The increase in the number of distressed properties in Michigan, including Southfield bank owned properties, has resulted in huge declines in property values. This led to lenders not getting enough to cover what is owed them by the foreclosed owner even after the property or land has been sold. In an attempt to get their money back, some lenders in the state are reportedly engineering foreclosure actions in such a way that they can pursue the borrower even after the property has been sold.

Prior to the massive decline in property values brought on by the oversupply of bank owned properties in Michigan, a foreclosure means the homeowner loses his home and that is that. Lenders who foreclose usually get what is owed to them by the former owner by selling the property.

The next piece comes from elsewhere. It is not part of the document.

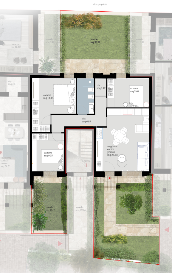 Ingresso indipendente attraverso giardino privato, ampio soggiorno con angolo cottura adatto a cene conviviali e relax/TV, ripostiglio/lavanderia, camera matrimoniale, camera doppia, bagno.

However, declining values of houses and other types of real estate mean that, even after conducting a residential or a bank owned land sale, the lender will still not be able to recoup his losses. This led to more lenders pursuing borrowers after the foreclosed property has been sold to get them to pay for the balance of the loan that the sale failed to cover.

This amount that borrowers supposedly owe to their lenders even after the sale of bank owned house foreclosures is called mortgage deficiency. According to housing experts, the amount could escalate over the years as interests and fees are added to the balance each year that the borrower fails to pay it in full.

Michigan law does have a provision that makes pursuing borrowers legal even after a residential or a bank owned land sale has been completed. However, lenders often do not use it, and most just take the property and let borrowers walk away. But with property values declining, more lenders are reportedly pursuing mortgage deficiency claims in the region.
John Cutts has been educated in the finer points of the foreclosure market over 5 years.